§ Extracted records
-- Opening Marker --

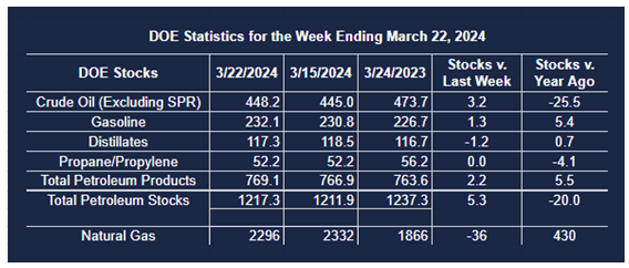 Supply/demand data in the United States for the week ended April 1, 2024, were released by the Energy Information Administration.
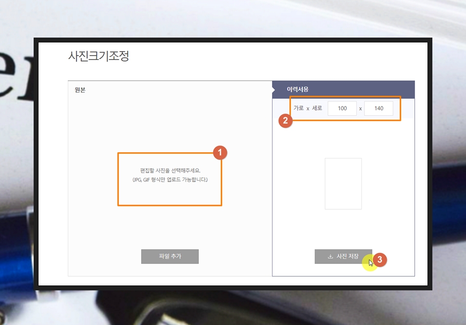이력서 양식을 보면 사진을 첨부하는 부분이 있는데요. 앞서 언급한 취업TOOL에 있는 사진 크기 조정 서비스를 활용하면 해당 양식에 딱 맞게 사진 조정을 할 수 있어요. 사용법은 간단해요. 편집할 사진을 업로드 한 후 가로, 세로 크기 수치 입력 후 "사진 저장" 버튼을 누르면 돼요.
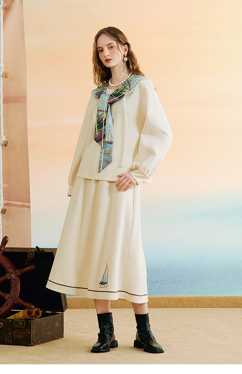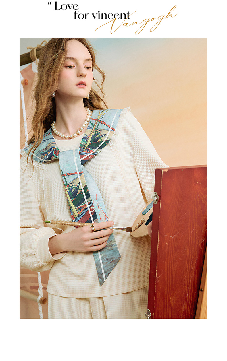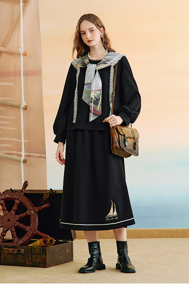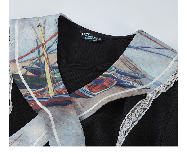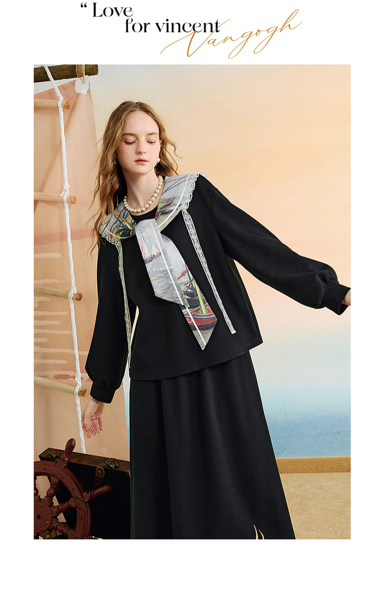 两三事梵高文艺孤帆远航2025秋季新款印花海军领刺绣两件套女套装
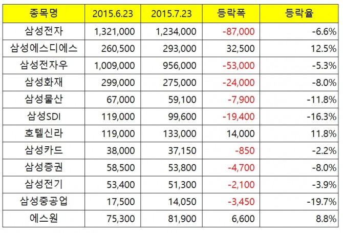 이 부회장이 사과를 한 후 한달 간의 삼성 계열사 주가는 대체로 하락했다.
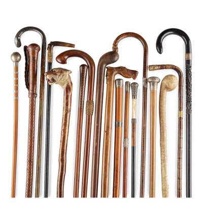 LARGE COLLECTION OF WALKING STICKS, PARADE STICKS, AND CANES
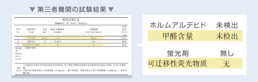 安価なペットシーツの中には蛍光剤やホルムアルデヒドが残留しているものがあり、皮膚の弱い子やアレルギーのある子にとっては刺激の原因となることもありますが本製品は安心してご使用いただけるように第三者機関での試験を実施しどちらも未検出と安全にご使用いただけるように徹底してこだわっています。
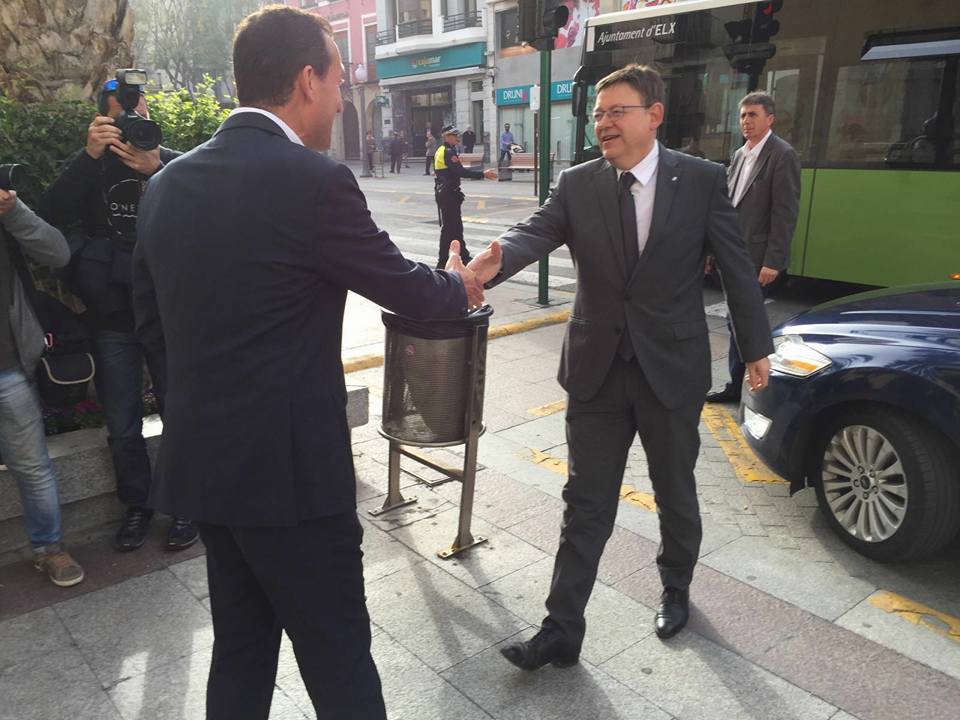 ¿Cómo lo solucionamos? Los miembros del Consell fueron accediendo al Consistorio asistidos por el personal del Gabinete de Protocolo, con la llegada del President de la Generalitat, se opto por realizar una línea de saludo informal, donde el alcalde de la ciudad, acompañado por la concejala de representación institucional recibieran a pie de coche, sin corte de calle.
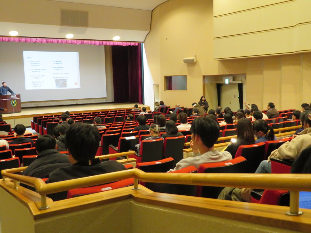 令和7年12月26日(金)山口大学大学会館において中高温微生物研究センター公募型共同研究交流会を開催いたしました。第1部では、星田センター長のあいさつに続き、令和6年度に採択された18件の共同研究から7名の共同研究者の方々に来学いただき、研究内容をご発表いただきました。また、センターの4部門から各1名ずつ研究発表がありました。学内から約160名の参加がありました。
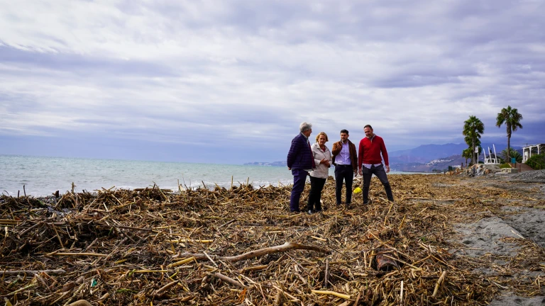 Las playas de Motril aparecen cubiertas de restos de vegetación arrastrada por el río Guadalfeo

-- Closing Marker --
-- Opening Marker --

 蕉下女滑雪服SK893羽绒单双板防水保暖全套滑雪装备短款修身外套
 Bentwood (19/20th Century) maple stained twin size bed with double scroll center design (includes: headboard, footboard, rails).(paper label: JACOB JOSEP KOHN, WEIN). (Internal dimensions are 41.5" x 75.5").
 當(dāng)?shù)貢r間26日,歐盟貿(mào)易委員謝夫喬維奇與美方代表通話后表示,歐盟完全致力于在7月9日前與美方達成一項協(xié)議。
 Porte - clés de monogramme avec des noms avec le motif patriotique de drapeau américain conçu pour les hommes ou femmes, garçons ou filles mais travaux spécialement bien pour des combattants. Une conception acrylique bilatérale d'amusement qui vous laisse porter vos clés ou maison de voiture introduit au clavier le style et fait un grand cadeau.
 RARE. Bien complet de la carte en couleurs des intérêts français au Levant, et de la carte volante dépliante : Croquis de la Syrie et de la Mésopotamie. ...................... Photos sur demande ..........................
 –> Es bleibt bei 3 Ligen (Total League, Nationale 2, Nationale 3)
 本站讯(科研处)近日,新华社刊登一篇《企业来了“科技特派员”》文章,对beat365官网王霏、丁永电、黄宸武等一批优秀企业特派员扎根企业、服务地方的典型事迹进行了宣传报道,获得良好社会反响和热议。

-- Closing Marker --
-- Opening Marker --

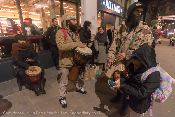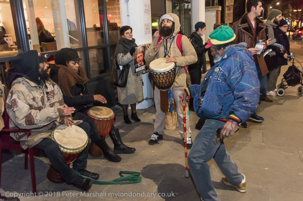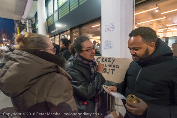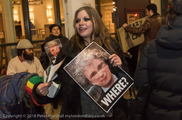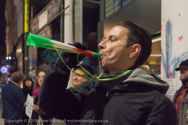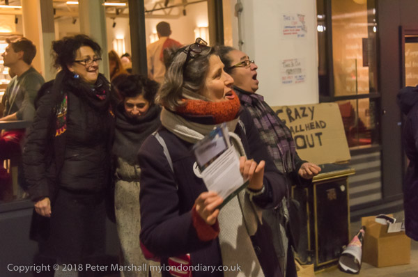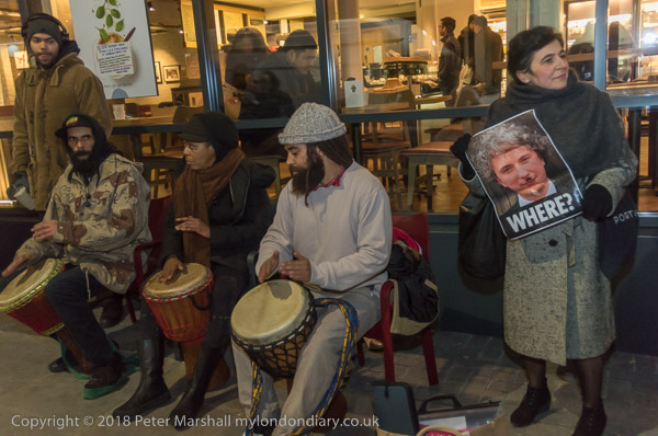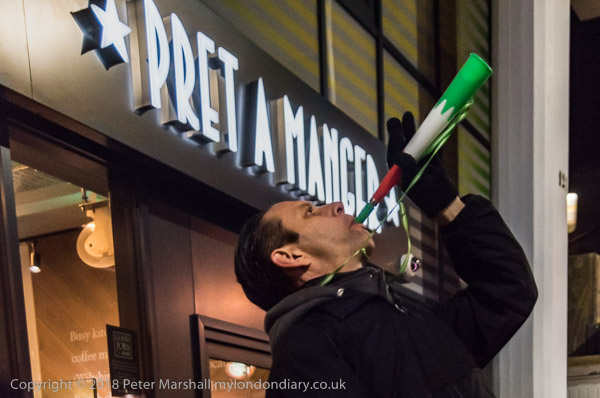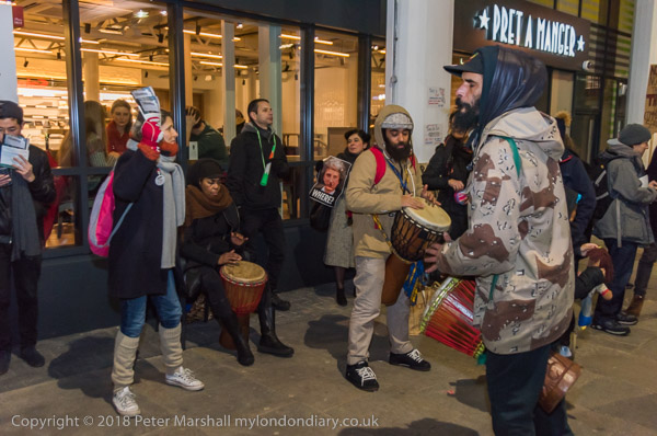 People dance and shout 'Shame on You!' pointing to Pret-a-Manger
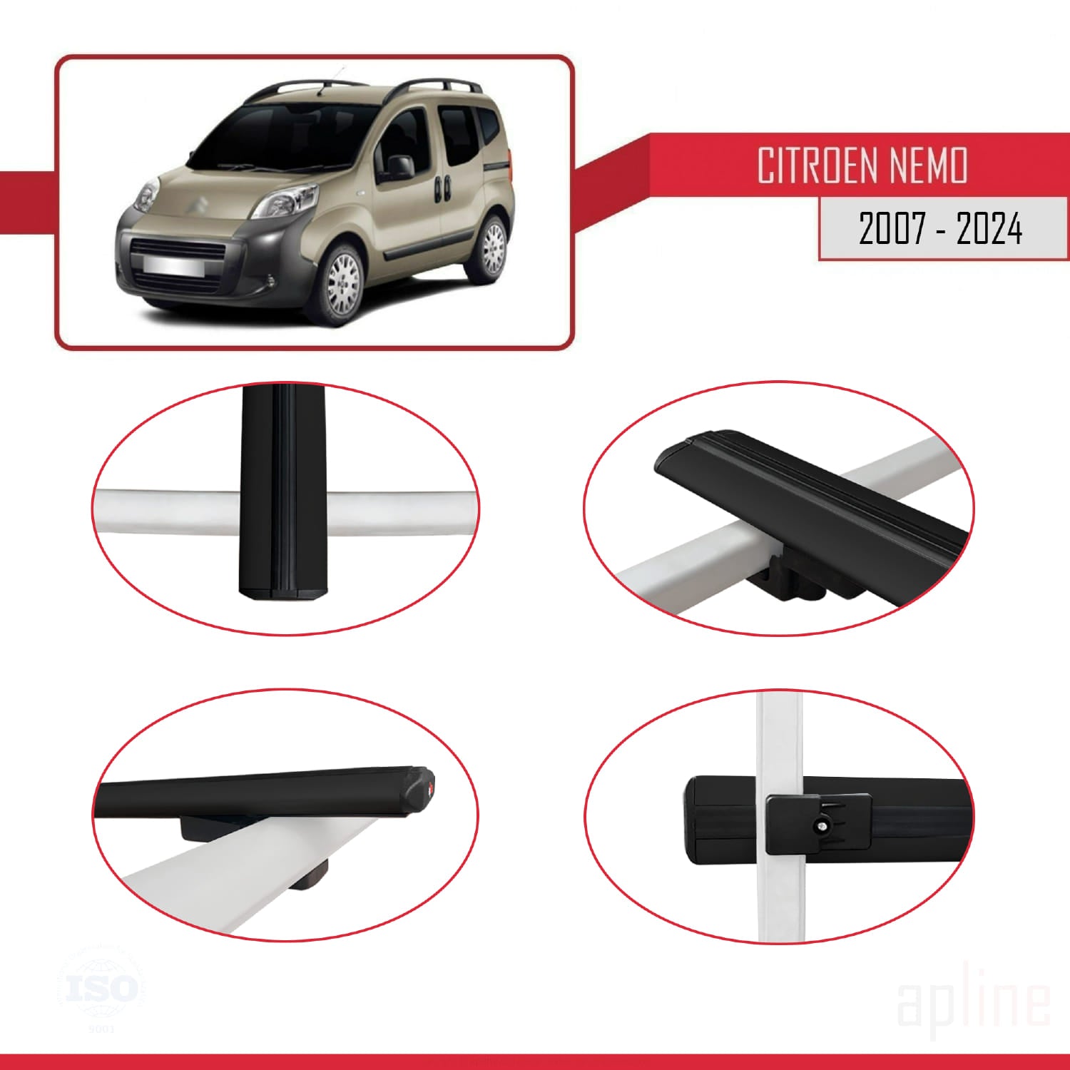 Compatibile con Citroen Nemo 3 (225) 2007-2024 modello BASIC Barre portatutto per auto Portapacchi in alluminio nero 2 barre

-- Closing Marker --

§ Work task
From the entries above, extract only the lines running from the one containing "蕉下女滑雪服SK893羽绒单双板防水保暖全套滑雪装备短款修身外套" through the one containing "本站讯(科研处)近日,新华社", inclusive.

§ Answer to the problem
 蕉下女滑雪服SK893羽绒单双板防水保暖全套滑雪装备短款修身外套
 Bentwood (19/20th Century) maple stained twin size bed with double scroll center design (includes: headboard, footboard, rails).(paper label: JACOB JOSEP KOHN, WEIN). (Internal dimensions are 41.5" x 75.5").
 當(dāng)?shù)貢r間26日,歐盟貿(mào)易委員謝夫喬維奇與美方代表通話后表示,歐盟完全致力于在7月9日前與美方達成一項協(xié)議。
 Porte - clés de monogramme avec des noms avec le motif patriotique de drapeau américain conçu pour les hommes ou femmes, garçons ou filles mais travaux spécialement bien pour des combattants. Une conception acrylique bilatérale d'amusement qui vous laisse porter vos clés ou maison de voiture introduit au clavier le style et fait un grand cadeau.
 RARE. Bien complet de la carte en couleurs des intérêts français au Levant, et de la carte volante dépliante : Croquis de la Syrie et de la Mésopotamie. ...................... Photos sur demande ..........................
 –> Es bleibt bei 3 Ligen (Total League, Nationale 2, Nationale 3)
 本站讯(科研处)近日,新华社刊登一篇《企业来了“科技特派员”》文章,对beat365官网王霏、丁永电、黄宸武等一批优秀企业特派员扎根企业、服务地方的典型事迹进行了宣传报道,获得良好社会反响和热议。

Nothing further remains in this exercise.